A surprising number of conditions, from simple to serious, can cause an older adult to fall.
If you observed the fall or arrived soon after, find out if your loved one had a warning or felt dizzy beforehand. Any chance he or she fainted? Was the fall from stumbling on an obstacle? Or more from missing the bottom step on the stairs? These important clues can be useful to the doctor.
Even if there are no injuries, it’s wise to see the primary care provider and ask him or her to review
- Medications. Many common drugs have the side effect of dizziness. This includes medications for sleep, pain, and anxiety, as well as some antidepressants. If diabetes is poorly managed, that can cause dizziness. Faulty blood pressure medication dosing can also be at the root of a tumble.
- Sitting vs. standing blood pressure. Some people experience a sudden drop in blood pressure when they stand. This could have led to your relative’s dizziness or fainting.

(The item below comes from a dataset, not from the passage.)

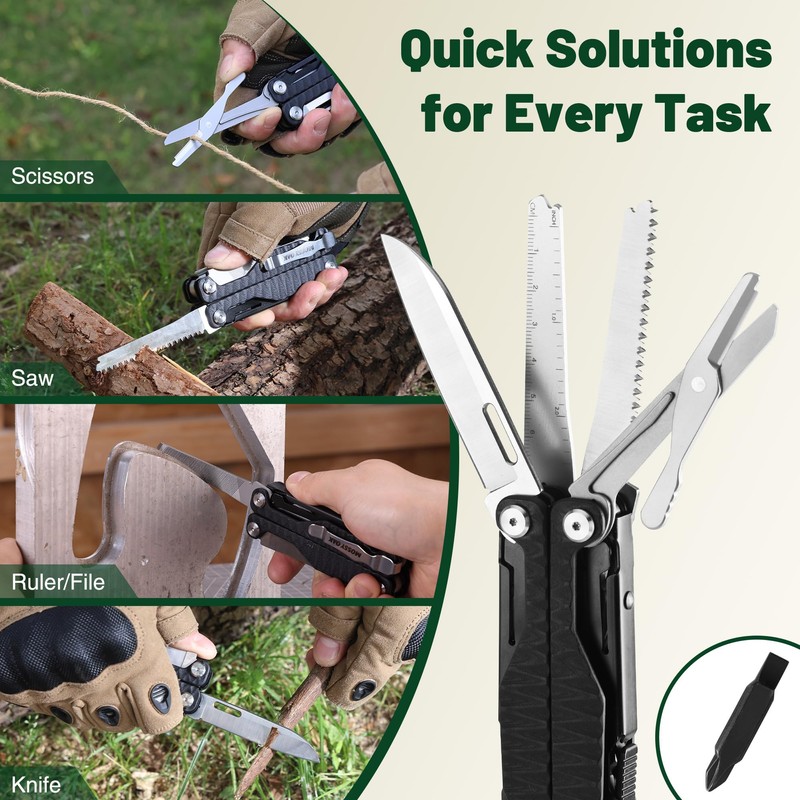 • 17-in-1 Essential EDC Tool: This multitool packs 17 essential functions into a compact, lightweight body—featuring pliers, knife, wire stripper, box cutter, scissors, screwdrivers, saw, ruler/file, and more. Whether you’re at home, on the job, or deep in the outdoors, our EDC multi tool puts the right tool in your hands at the right time.

- Possible infections. In many older adults, a urinary tract infection or even pneumonia can develop without the “usual” symptoms. These can cause weakness or dizziness. Lab tests are needed for diagnosis and treatment.
- Physical pain. Something as simple as painful joints or tight-fitting shoes can cause a change in gait or sudden shift in weight from one side to the other, leading to poor balance and a fall.
- Vision. Cataracts, glaucoma, and macular degeneration impair vision. Any of these may cause an older adult to overlook a trip hazard.
- Potential significant conditions. It’s important to rule out conditions of the heart, brain, and circulatory system that can result in a fall. For example, a mini-stroke, atrial fibrillation, or Parkinson’s.
- Home safety. Ask for a home visit by an occupational therapist to identify any trip hazards and make recommendations.